Something crashed through the underbrush, made a high keening sound, and crashed away. They’d heard it before often enough that they both ignored it. Alex finished off the last of his beer and tucked the empty bottle back in his satchel. He levered himself up to standing and stretched his arms above him, looking like some ancient priest in the firelight.

“I should get these things hooked up,” he said, hefting the dead batteries. “I said I’d have them back tomorrow. I’ll probably take a sleep shift in town after that, if you’re all right solo?”

“That’s fine,” she said. “Bobbie sent me a new dataset. I’ll be working on that. I wouldn’t be much company anyway.”

“Should I douse the fire?”

Naomi shook her head. “I’ll do it when I go in. I think I overate. I need to just sit for a little while.”

“Right,” Alex said, and trudged over to the airlock. He lifted himself in, and she heard him starting to sing again until the door closed behind him. She lay back.

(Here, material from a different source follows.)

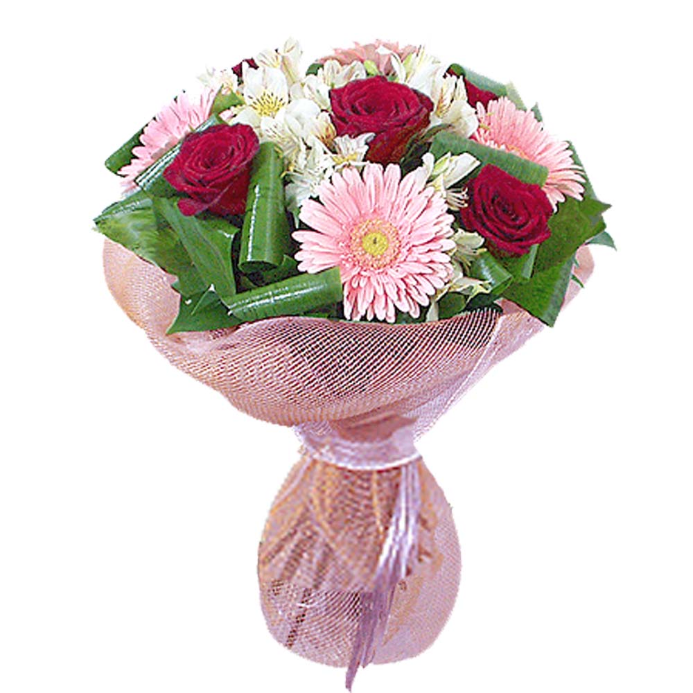 8 Red Roses and 10 Pink Gerbera with Greenery in A Round Bouquet, White Paper/Net Wrapping White Ribbon Bow.

Everything changed, and it went right on changing. A terrible thought when things were good, a comforting one now. Whatever happened, she could be certain that things wouldn’t stay the way they were now. And if she stayed smart and clever and lucky, she’d be able to affect how the next change came. Or take advantage of it. She’d find Jim again, if she could just be patient enough.

One of the vines broke loose from the mountain wall and drifted along with some high breeze that she didn’t feel. She watched it blunder away to the southwest, catching on another vine for a moment, then losing its grip and floating on. Where it had been, there was a new spray of stars now, glittering from decades and centuries ago, their light only happening to fall on her here and now.

She wondered if one of them was Laconia.